The plaint shall be returned to the plaintiff for filing the same to the proper Debts Recovery Tribunal at Mumbai having jurisdiction to adjudicate the matter in dispute. The learned Trial Judge is directed to take necessary steps accordingly, under Order 7 Rule 10 A of the C.P.C. within four weeks from the date of communication of the order to him.
Considering the circumstances, there will be no order as to costs.
C.O. No. 2803 of 2010
In view of the above decision in C.O. No.2804 of 2010, the impugned order cannot be sustained. The application is, therefore, allowed. The impugned order is hereby set aside. The application under Order 7 Rule 10 of the C.P.C. stands allowed. The learned Trial Judge is directed to take steps under Order 7 Rule 10A of the C.P.C. within four weeks from the date of communication of the order to him.
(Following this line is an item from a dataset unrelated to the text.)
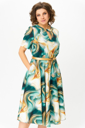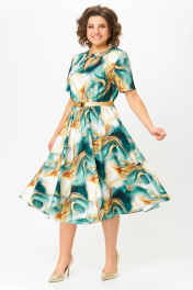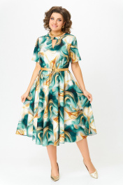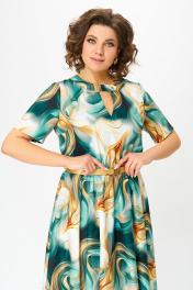 Платье Swallow 833 бирюзово-золотой_принт
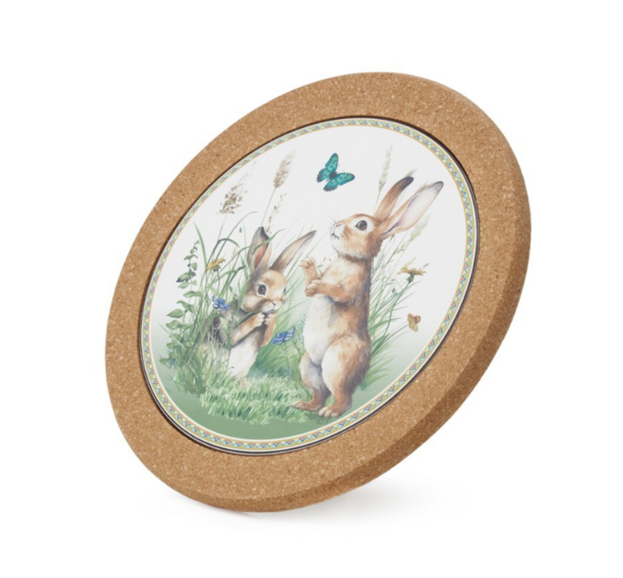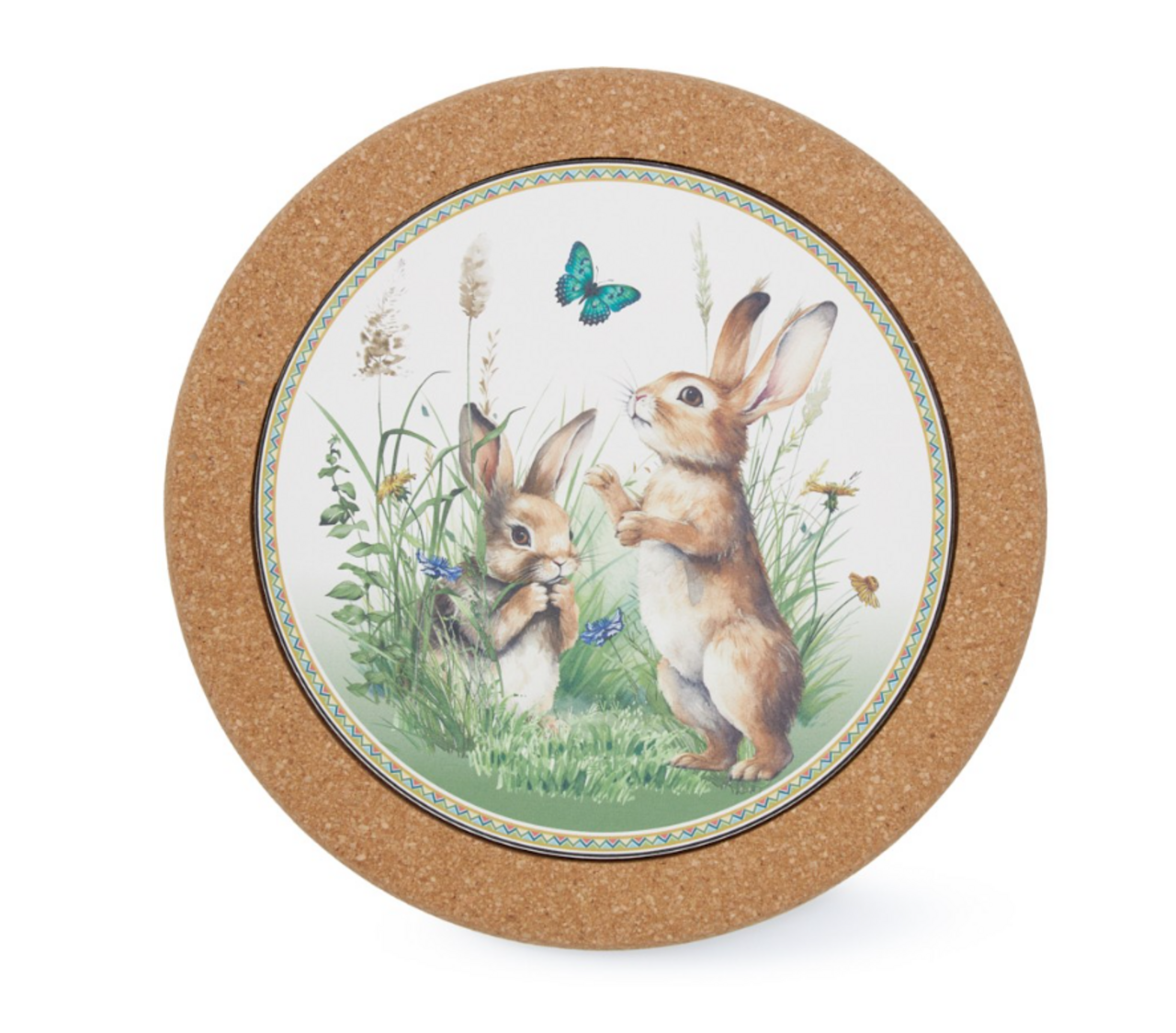 Создайте атмосферу уюта и доброты на вашей кухне с новой авторской подставкой для горячего от Fissman, выполненной в уникальном дизайне с изображением милых кроликов в зелёной траве.

Considering the circumstances, there will be no order as to costs.
17Urgent xerox certified copy of this order, if applied for, be supplied to the learned Advocates for the parties on their usual undertaking.
(Prasenjit Mandal, J.) Later:
Heard the learned Advocates for both the sides.
Mr. Bose, learned Advocate for the opposite party, prays for stay of operation of the above order for four weeks.
Upon due consideration of the matter, prayer is allowed.
Accordingly, the operation of the judgment be stayed for a period of four weeks from date.